Experiences from NCBI’s Biomedical Data Science Hackathon 2016

Posted on:

Data sharing is critical to advance genomic research because it reduces the demand to collect new data by reusing and combining existing data, while upholding transparency in research, promoting reproducible research.  As of January 2015, the National Institutes of Health (NIH) has implemented a Genomic Data Sharing (GDS) Policy that applies to all large scale genomic data generated with NIH funding.  The policy states that all large scale genomic data and relevant meta-data be shared in a timely manner through one of the NIH designated data repositories. As the necessity and importance of data sharing continues grow, researchers will see an increase in the use of public repositories to gain access to this data.

Though policies are in place, and an increasing number of researchers recognize the need for data sharing, there are challenges to data sharing in practice.  These challenges include; personal health information privacy, misuse of data, sharing policy breaches, and technical issues with actually obtaining the data.  One such technical issue in obtaining data is that many of the databases, including those with similar data, operate independently of one another. It is this technical issue that was one of the topics of the National Center for Biotechnology Information’s (NCBI) biomedical data science hackathon held in Bethesda, MD in early August 2016.  A hackathon is a short but intensive event where programmers collaborate on software development projects.

The overarching aim of this hackathon was to bring researchers together from various disciplines, having diverse skills at different phases of their careers, with the goal of building pipelines or tools to analyze large genomic and biomedical datasets.  The hackathon took place over the course of three days at the National Library of Medicine, where approximately 30 researchers were divided into five groups based on their skill set and experience. Each group was given a broad scientific problem and tasked to develop an analysis pipeline or tool to solve the problem.  Groups were encouraged to use open-source genomic analysis tools and public datasets to design, build and test their pipelines.

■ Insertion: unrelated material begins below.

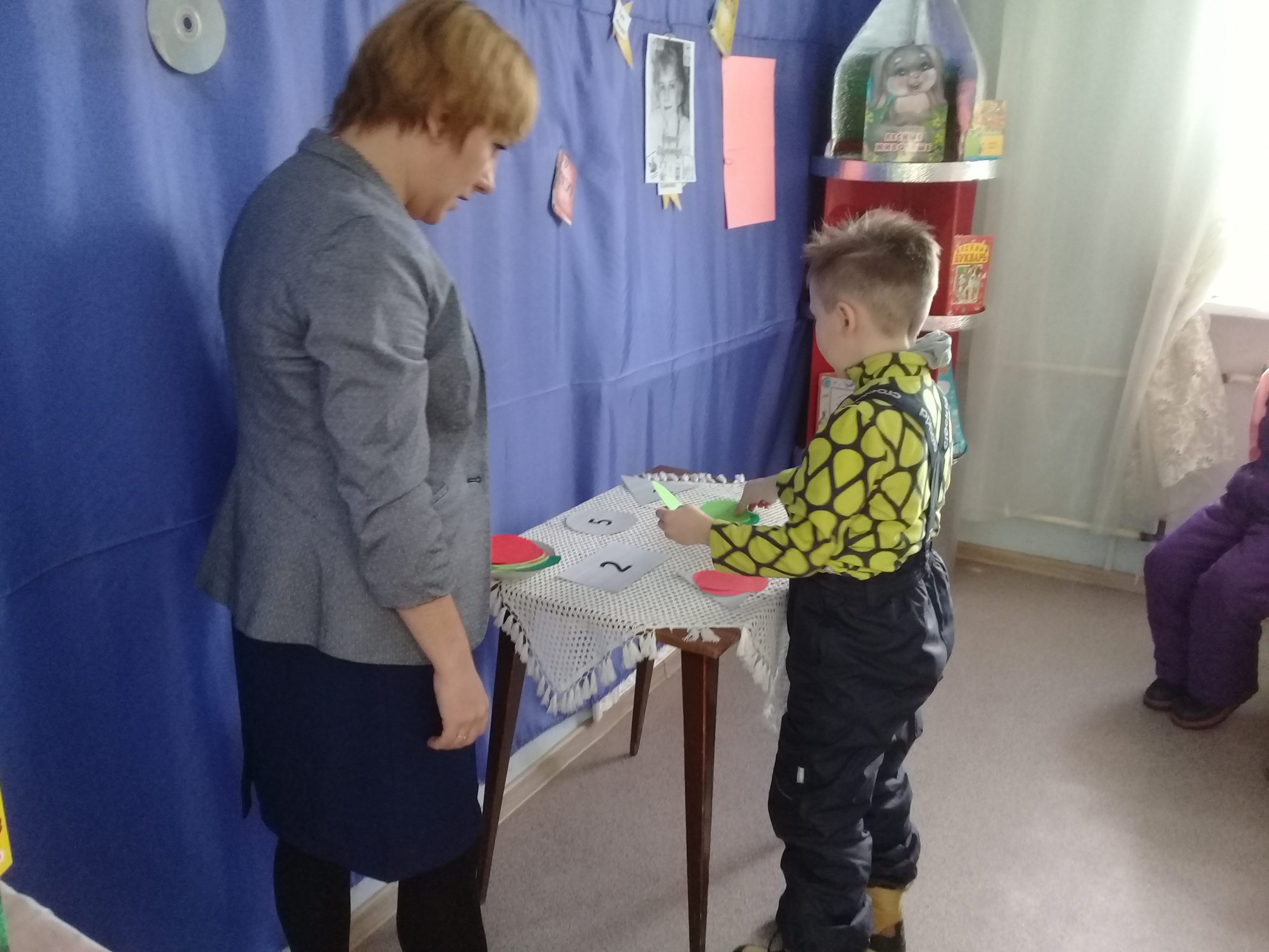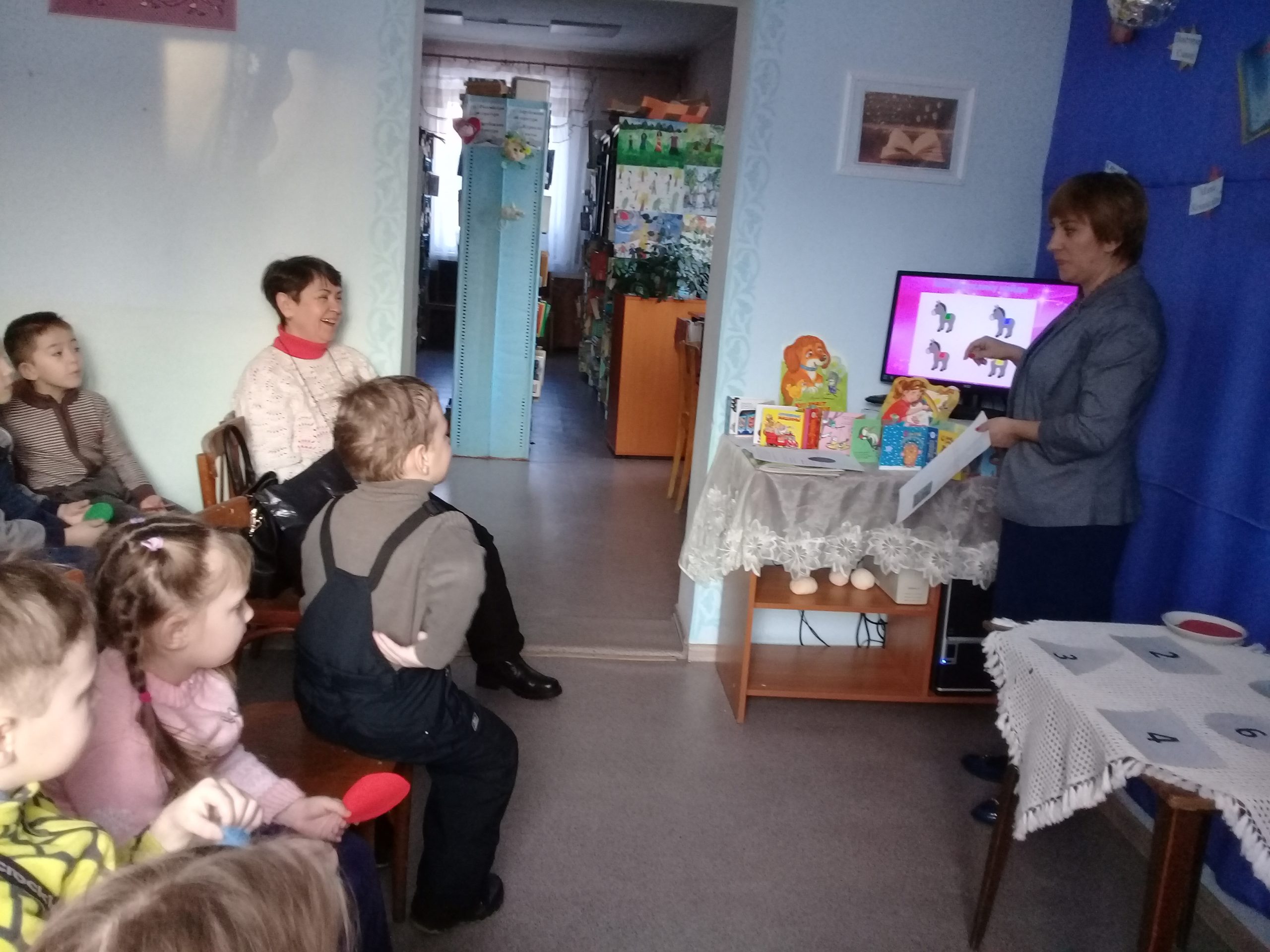 Дети читали стихи о животных, и все хором помогали закончить фразы; отгадывали ребусы и шарады. Дошкольники помогали ослику найти его хвостик, при этом закрепляя цвета и форму геометрических фигур. Не забыли и про счет: предлагалось найти определенное количество кружочков и положить на цифру.
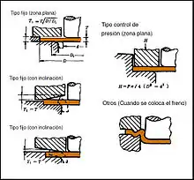 Los pisadores de tipo fijo pueden ser planos o con una ligera inclinación y permiten fácilmente el deslizamiento de la chapa impidiendo la aparición de defectos mientras el espesor en las distintas zonas de la pieza embutida sea poco variable, mientras que los pisadores de presión o los pisadores con freno controlan o impiden el deslizamiento de la chapa y se emplean cuando se quieren obtener espesores de pared más finos que el espesor de la chapa inicial.

The group I was assigned to was tasked with designing a tool that would allow and facilitate interactions between two commonly used, publically available, genomic databases, i.e. NCBI’s database of Genotypes and Phenotypes  (dbGaP) and The Cancer Genome Atlas (TCGA) hosted by the NIH.  Though these two databases are hosted by two US federal government agencies and contain similar data, currently there is no interaction between them.  The current protocol for identifying studies of interest from TCGA and dbGaP is to search both databases separately. Even though this is not technically difficult, problems arise when the terms embedded in the metadata of similar studies do not match exactly.  In general, the metadata query terms for TCGA is limited and controlled by TCGA at the time of study submission.  In contrast the dbGaP metadata query terms are user defined and can be extremely varied.

Our team’s original idea was to develop a tool that would allow a user who was working with sequencing data from TCGA to identify similar studies within dbGaP and automatically download, unencrypt, and reformat the corresponding sequencing data to a usable file format (SAM format).  While our team’s tool will accomplish this task, the current functionality of the tool is also greatly expanded.  The tool will allow users to query both dbGaP and TCGA at the same time, using several different search criteria, and identify studies that match the criteria from either database.  An optional function to the tool includes the option to automatically download the sequencing data from the dbGaP database.  The reason behind adding functionality for easily downloading, unencrypting, and re-formatting dbGaP data but not TCGA data is that the TCGA sequencing data is available for download as VCF files whereas dbGaP sequencing data is stored in sequencing read archive (SRA) format.  VCF is a human readable file format that can be directly used for analysis while SRA is a compressed binary format which requires special software to manipulate and extract the data.

The tool and all documentation is available at https://github.com/NCBI-Hackathons/TCGA_dbGaP and the manuscript entitled Extending TCGA Queries to Automatically Identify Analogous Genomic Data from dbGaP by Wagner et al. (2016), was submitted to F1000Research on October 13th, 2016.

The other four groups were assigned four different scientific problems.  Problems addressed included analysis, annotation and accurate prediction of breakpoints for structural variants (svcompare); application of machine learning techniques in the prediction of immunogenicity (categorical; positive or negative) based on a protein and its associated amino acid properties (Machine_Learning_Immunogenicity); identification and annotation of microbial genes from an environmental sample (Metagenomic_Transcriptomes); identification of interactions between SNPs and the effect on phenotype expression (Network_Stats_Acc_Interop).  These pipelines and tools, along with the pipelines and tools developed at previous hackathons are available at https://github.com/NCBI-Hackathons.

These pipelines and tools, and others like them, are excellent sources that BSSI utilize as we continually strive to bring cutting edge methodology to our clients.